Many people were glad to see a balanced operations focused presentation.

Several points generated discussion:

First was the distinction between plain old container installs (“POCI”) and this more automated approach. The key element being use of immutable 12-factor designs.

Next were the OpenStack services that can be more easily adapted to this design and how to evaluate services that can easily survive IP movement and mid-transaction termination.

We also discussed broader internal refactoring that would be required. Happily, these items would make OpenStack more durable and upgradable in all operational scenarios.

Not everyone agrees with my iterative and cautious recommendation. For example, engineers from Mirantis have been very vocal in the community promoting this approach — dubbing it  “Evolve or Die”  — with support from CoreOS and Intel (see also their  “Lessons Learned” session from Barcelona and the earlier “Stakanetes” intro).

They have been able to run all services in containers including the Nova Compute, Libvirt and agents by pinning containers to specific hosts. This approach does provide benefit of using Kubernetes to manage the version of containers running OpenStack components. However, much work remains to ensure that it’s operationally pragmatic.

Overall, I believe that declarations of broad success are overstated due to marketing pressures to show progress. More importantly, I believe that the rationale for adding this complexity into the environment not well developed. It is important to note that the Kubernetes community itself is still working on critical operational details like HA, security and upgrades.

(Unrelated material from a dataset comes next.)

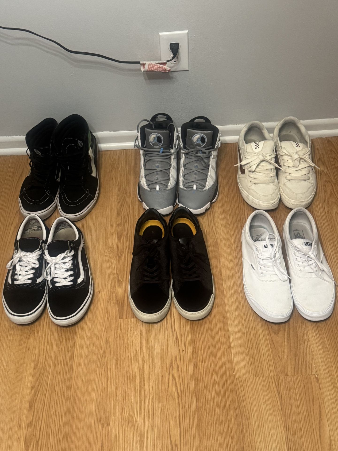Size 13 Men shoes for sale Vanz beige/$40 obo Vanz black and white/$30 Dress shoes / $10 Jordan 6 Rings / $50 obo White vans/ $30 High top vans/ $20

That does not mean that I’m giving up on the effort! In fact, I’m very excited to collaborate on taking steps towards a more integrated solution. The RackN team has been pulling together many of the control elements that are required to build the integration (check out our Kubernetes demo).

Right now, I’m refining my “Will it Blend” talk based on feedback and will be taking it on the road to the Mountain OpenStack Days Salt Lake City, the first week of December.

I’d love to hear your thoughts about the presentation, the Kubernetes underlay approach and making OpenStack operationally robust in general.